(Beginning of RECORDED INFORMATION)
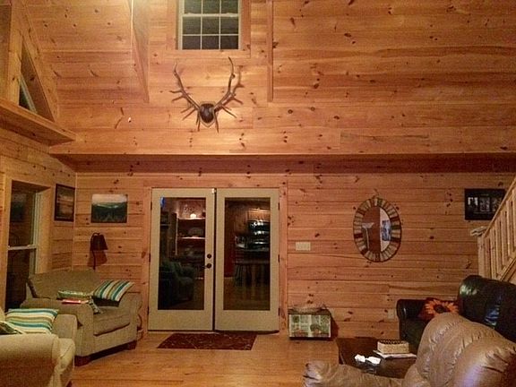 Beautiful 3 bedroom, 2 bath log home located on 4.63 acres at the top of Lakeview Acres community. Hunter & Hiker paradise...property borders state game lands! 10 minute driving distance to 2 Raystown Lake boat launches. Spacious deck with beautiful tree line view. 2 car garage built-in to basement. Each of the 3 bedrooms has 2 Queen Beds. Selling Fully furnished...This property is a MUST SEE!
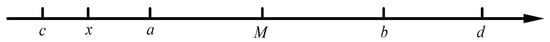 The interval is defined as the attracting set of on the real axis, and is an extended interval with two endpoint extensions. The interval included the , that is, . The relationship between these intervals is illustrated in Figure 3.
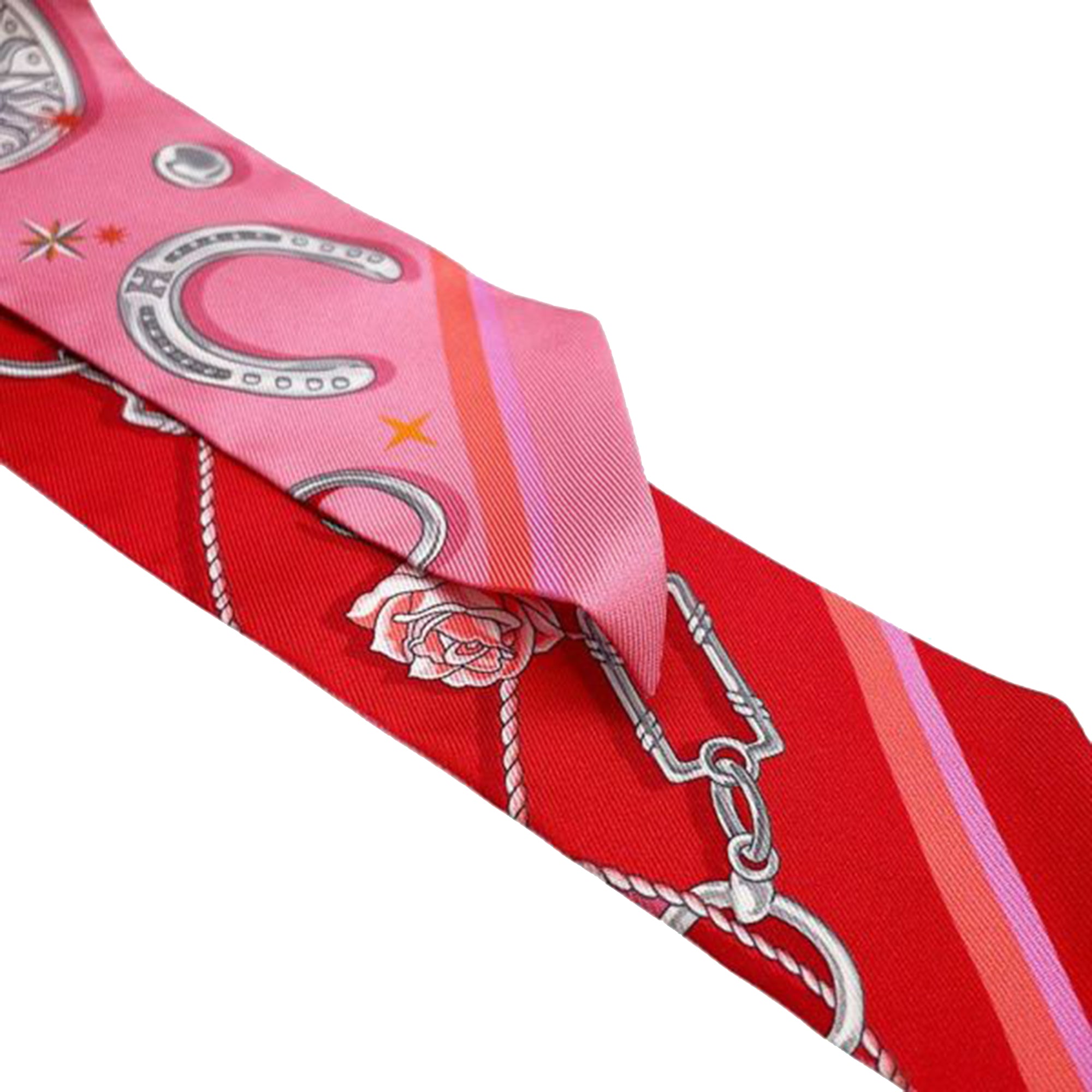 Red Hermès C'est La Fete Silk Twilly Scarf Scarves
(End of RECORDED INFORMATION)
### TASK PROMPT
Everything above except the pictures must be restated exactly.

### ANSWER TO THE PROBLEM
 Beautiful 3 bedroom, 2 bath log home located on 4.63 acres at the top of Lakeview Acres community. Hunter & Hiker paradise...property borders state game lands! 10 minute driving distance to 2 Raystown Lake boat launches. Spacious deck with beautiful tree line view. 2 car garage built-in to basement. Each of the 3 bedrooms has 2 Queen Beds. Selling Fully furnished...This property is a MUST SEE!
 The interval is defined as the attracting set of on the real axis, and is an extended interval with two endpoint extensions. The interval included the , that is, . The relationship between these intervals is illustrated in Figure 3.
 Red Hermès C'est La Fete Silk Twilly Scarf Scarves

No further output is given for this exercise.